I pocketed my phone right as Dante reentered the library.
“I have to go back to New York.” He grabbed his jacket from the back of the couch, his face stamped with irritation. “There’s a…personal matter I need to deal with.”
“Sorry to hear that,” I said mildly. “I’ll walk you out.”
I waited until he was halfway out the door before I added, “The personal matter wouldn’t happen to be Vivian’s ex-boyfriend showing up at your house, would it?”
Surprise coasted through his eyes, followed by fury. “What the f**k did you do, Harper?”

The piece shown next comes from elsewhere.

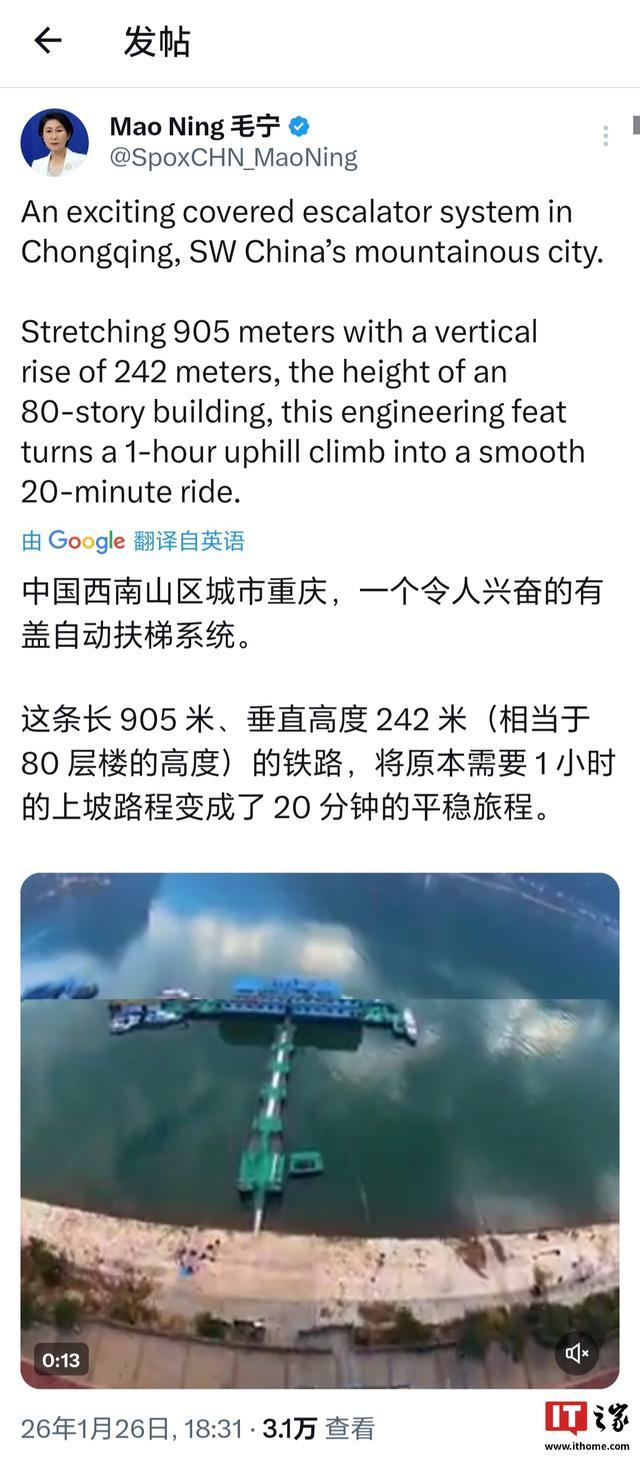 值得一提的是,今年 1 月,外交部发言人毛宁还在海外社交平台向全球网友介绍了巫山神女大扶梯。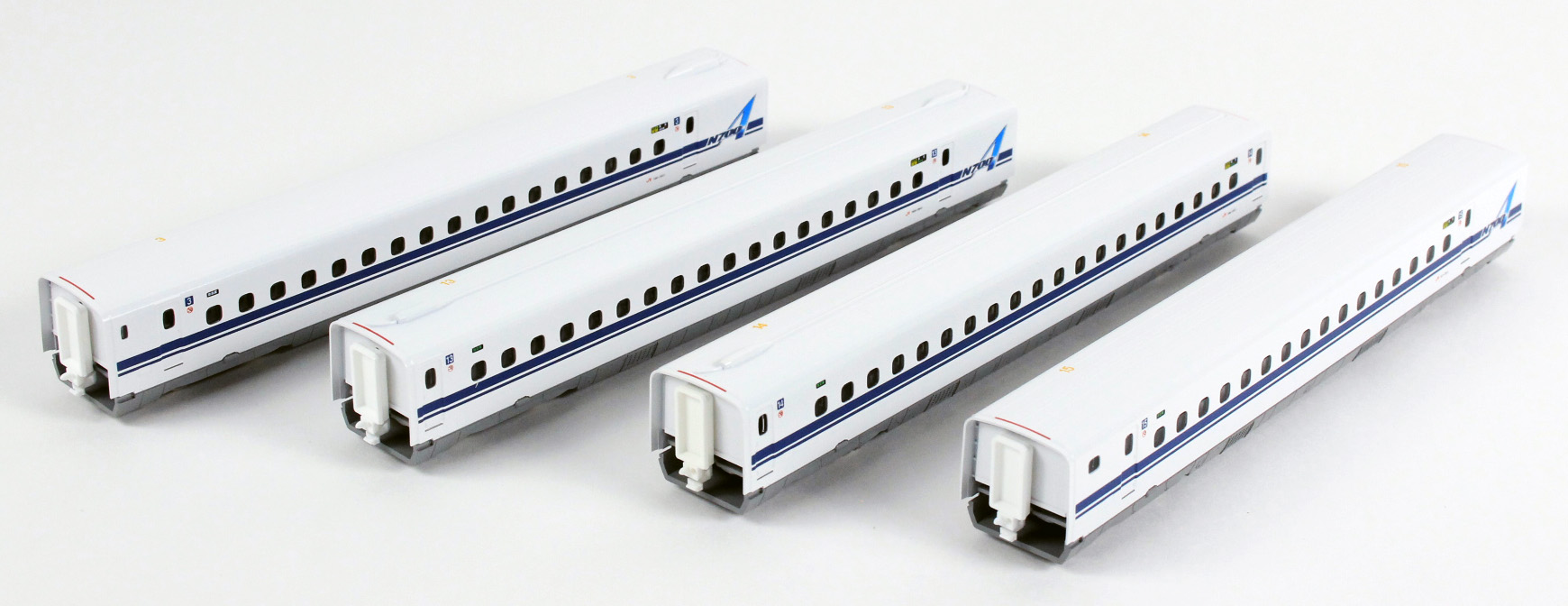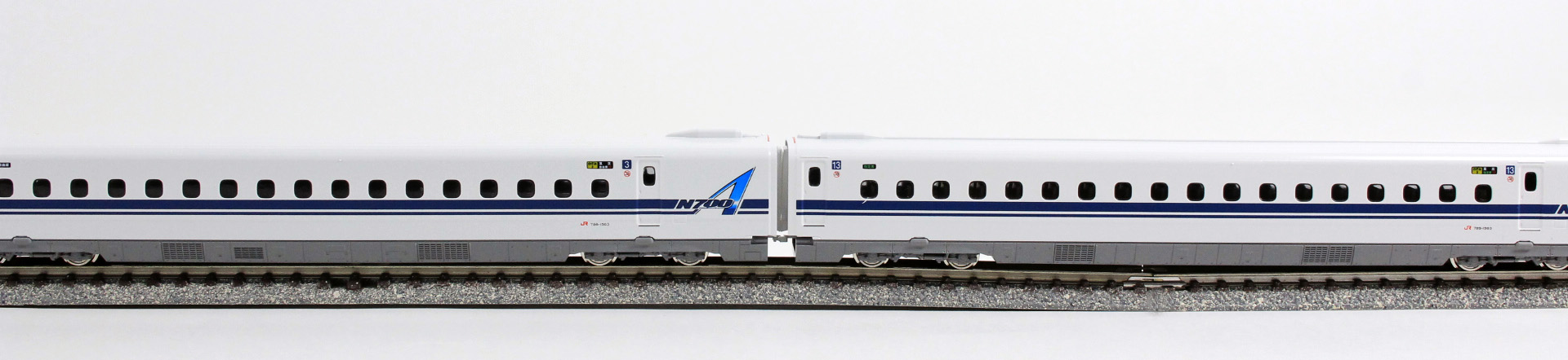 ? N700系との違いが明瞭にわかる、奇数号車車体側面に記された「A」をイメージしたロゴマークを鮮やかに再現。

“I merely facilitated a reunion between your fiancée and an old friend.” One little text from “Vivian,” and the ex came running. Pathetic, yet useful. “Since you enjoyed f*****g with me so much, I figured I’d return the favor. Oh, and Dante?” I paused with my hand on the knob. Dante’s anger was a pulsing force in the hall, but he’d get over it. He should’ve known better than to put on that little show in the lobby. “Touch Stella again, and you’ll no longer have a fiancée.”
I slammed the door in his face.
Dante was my first client and an old friend. I didn’t provoke him often.
But like I said, I didn’t like people touching what was mine.
I straightened my shirtsleeves and returned to the library, where my gaze traveled the length of the room until it rested on the giant framed puzzle hanging over the fireplace mantel.
Ten thousand tiny pieces formed a breathtaking rainbow gradient whose lines created a three-dimensional spherical effect.
It had taken me four months to complete it, but it’d been worth it.
Crosswords, jigsaws, ciphers, they all fed my insatiable need for a challenge. Stimulation. Something to brighten up the ennui of a world that was always five steps behind.
The harder the puzzle, the more I craved and dreaded its solution.
There was only one puzzle I hadn’t solved. Yet.
I ran my thumb over the small turquoise ring nestled in my pocket.
Once I did, I could put my disturbing obsession with Stella Alonso behind me once and for all.